In Freeden et al. (1998a), a more general construction which is orthogonal to the spherical harmonics of degrees 0 to m is introduced which can be used for approximation by combining it with the corresponding spherical harmonics. A combined interpolation and smoothing approach is included as well as spline exact numerical integration formulas on the sphere.

Convergence results for spherical splines are shown in Freeden (1984a,b) if the size of the largest data gap goes to zero. We refer the reader to Freeden et al. (1998a) and Michel (2013) and the references therein for a detailed introduction. It should be noted that the construction has also been carried over to the three-dimensional ball (see Michel 20132014b and the references therein).

3 The Fast Multipole Method for Splines

In case of harmonic splines, the interpolation conditions lead to a system of linear equations with a dense matrix whose size is the number of data points. Thus, the matrix can be large, and the solution of the corresponding system of linear equations becomes difficult. For spherical splines, we are confronted with the same situation if we restrict ourselves to the Abel-Poisson kernel and the singularity kernel. Other (locally supported) spherical kernels can reduce this problem to some degree by leading to band matrices.

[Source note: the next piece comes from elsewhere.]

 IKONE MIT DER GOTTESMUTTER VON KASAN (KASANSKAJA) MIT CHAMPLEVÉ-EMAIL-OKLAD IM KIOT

Each reproducing kernel corresponding to a space \(\mathcal{H}\) defined by the summable sequence {A n } can be written as an infinite Legendre expansion as in (6). For certain special cases such as the singularity kernel (10) and the Abel-Poisson kernel (9), the expansion can be reduced to an elementary function. These two reproducing kernels are closely related to the single pole \(\tfrac{1} {\vert x-y\vert }\). Because of this connection, the fast multipole method (FMM), which has been introduced by Rokhlin (1985), Greengard and Rokhlin (19871988), and Greengard (1988), allows the fast summation of harmonic splines, i.e., of the sum \(\sum a_{i}K_{\mathcal{H}}(x_{i},\cdot )\). Thus, the FMM also accelerates the fast computation of the matrix-vector products occurring in an iterative solver for (8).

The two main ideas of the FMM can be described as:

  • Subdivision of the computational domain into hierarchical sets of nested cubes that are organized in an octree data structure,

  • Interaction of cubes instead of single points by summarizing all information of a cube in coefficients of inner/outer harmonics expansions.

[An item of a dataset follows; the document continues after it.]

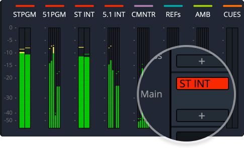 メインバスは、放送または配信用の最終出力ミックスを管理します。これには、異なる言語や解説に対応した国際バージョンと、ラウドネス規格への準拠が含まれます。ライブのスポーツ映像をメインバスにルーティングし、英語版の国際映像を作成してLUFSレベルをモニタリングできると想像してみてください。

This means that cubes interact in two ways: directly, i.e., the kernel is evaluated for all points in one cube combined with all points in another cube, and the approximate way, i.e., by translation of the expansion coefficients. The key is to apply the approximation as often as possible and on the coarsest possible level of the tree data structure of cubes. Direct evaluation is used only for the closest cubes where the approximation is not applicable.

The FMM has seen various updates that increase its efficiency (cf., e.g., White and Head-Gordon 1996; Greengard and Rokhlin 1997; Cheng et al. 1999). We summarize our implementation and show the application of the FMM to harmonic and spherical splines. For a more detailed analysis, the reader is referred to Gutting (2007).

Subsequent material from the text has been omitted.